SECURITIES AND EXCHANGE COMMISSION

Washington, D.C. 20549

FORM 8-K

CURRENT REPORT

Pursuant to Section 13 or 15(d)

of the Securities Exchange Act of 1934

Date of Report (Date of earliest event reported): January 7, 2019

NEW YORK MORTGAGE TRUST, INC.

(Exact name of registrant as specified in its charter)

Maryland 001-32216 47-0934168
(State or other jurisdiction of incorporation) (Commission File Number) (IRS Employer Identification No.)

275 Madison Avenue

New York, New York 10016

(Address and zip code of

principal executive offices)

Registrant’s telephone number, including area code: (212) 792-0107

Check the appropriate box below if the Form 8-K filing is intended to simultaneously satisfy the filing obligation of the registrant under any of the following provisions:

[ ] Written communications pursuant to Rule 425 under the Securities Act (17 CFR 230.425)

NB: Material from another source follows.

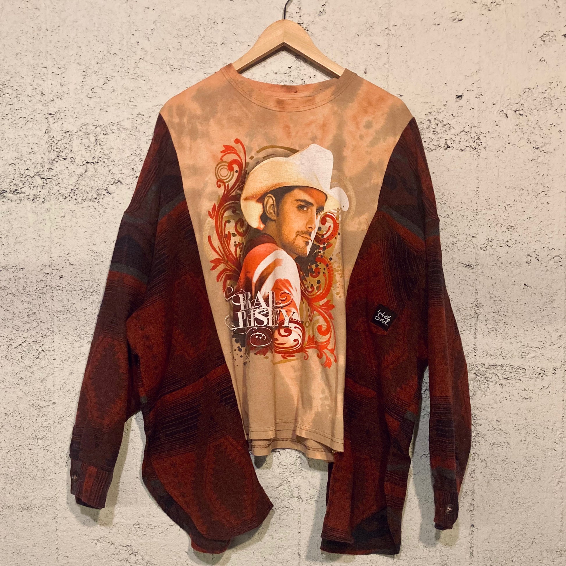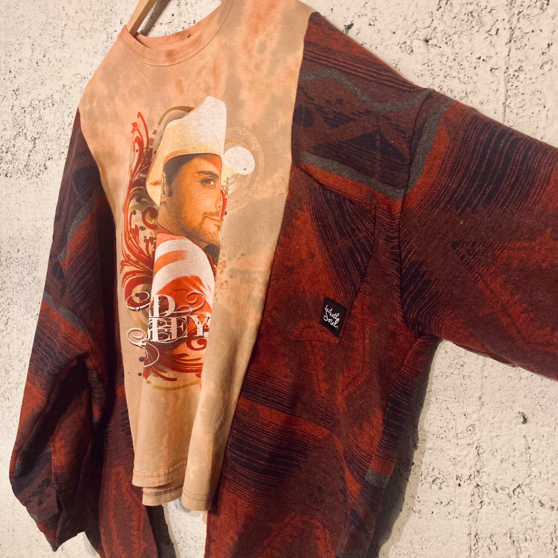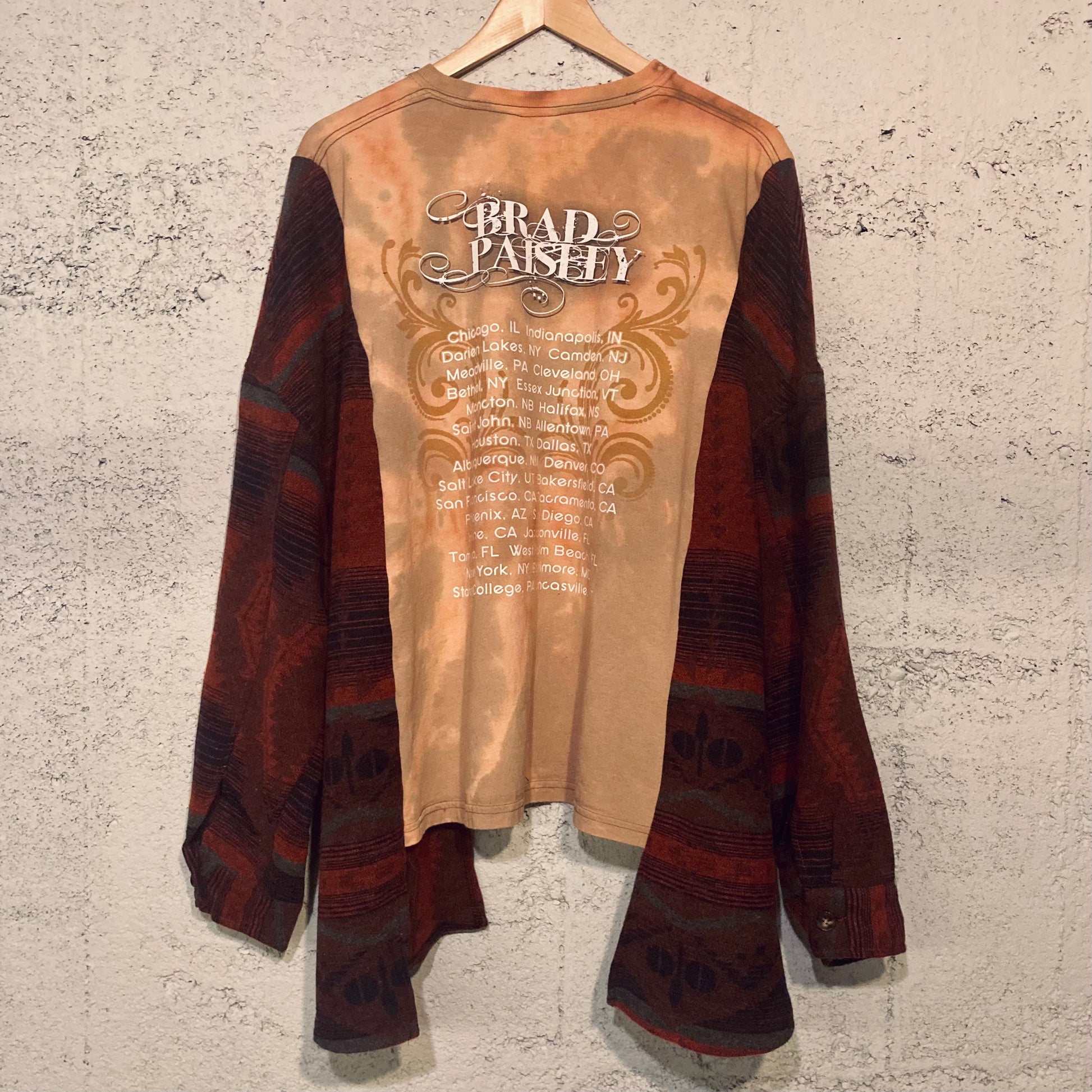 Upcycled vtg Brad Paisley tour tee, appropriate wear and tear considering age. Thicker weight, tans and pastel peach tie dye

[ ] Soliciting material pursuant to Rule 14a-12 under the Exchange Act (17 CFR 240.14a-12)

[ ] Pre-commencement communications pursuant to Rule 14d-2(b) under the Exchange Act (17 CFR 240.14d-2(b))

[ ] Pre-commencement communications pursuant to Rule 13e-4(c) under the Exchange Act (17 CFR 240.13e-4(c))

Indicate by check mark whether the registrant is an emerging growth company as defined in Rule 405 under the Securities Act (§230.405 of this chapter) or Rule 12b-2 under the Exchange Act (§240.12b-2 of this chapter).

Emerging Growth Company ☐

If an emerging growth company, indicate by check mark if the registrant has elected not to use the extended transition period for complying with any new or revised financial accounting standards provided pursuant to Section 13(a) of the Exchange Act. ☐

Item 5.02. Departure of Directors or Certain Officers; Election of Directors; Appointment of Certain Officers; Compensatory Arrangements of Certain Officers.

On January 7, 2019, the Board of Directors (the “Board”) of New York Mortgage Trust, Inc. (the “Company”) appointed Jason T. Serrano, 43, to serve as the President of the Company, effective immediately. Prior to joining the Company, Mr. Serrano was a Partner at Oak Hill Advisors, L.P. (“OHA”), an alternative investment management firm, from January 2014 to December 2018 and a Managing Director at OHA from April 2008 to December 2013. While at OHA, Mr. Serrano ran the mortgage investment business. Prior to joining OHA, Mr. Serrano served as a Principal at The Blackstone Group, where he led the structured finance investment team. Before Blackstone, he spent five years at Fortress Investment Group as Vice President, assisting in the management of $2 billion of distressed structured products and whole-loan portfolios. He also spent five years at Moody’s as a rating analyst for collateralized debt obligations and derivatives. He earned a bachelor of science degree from Oswego State University.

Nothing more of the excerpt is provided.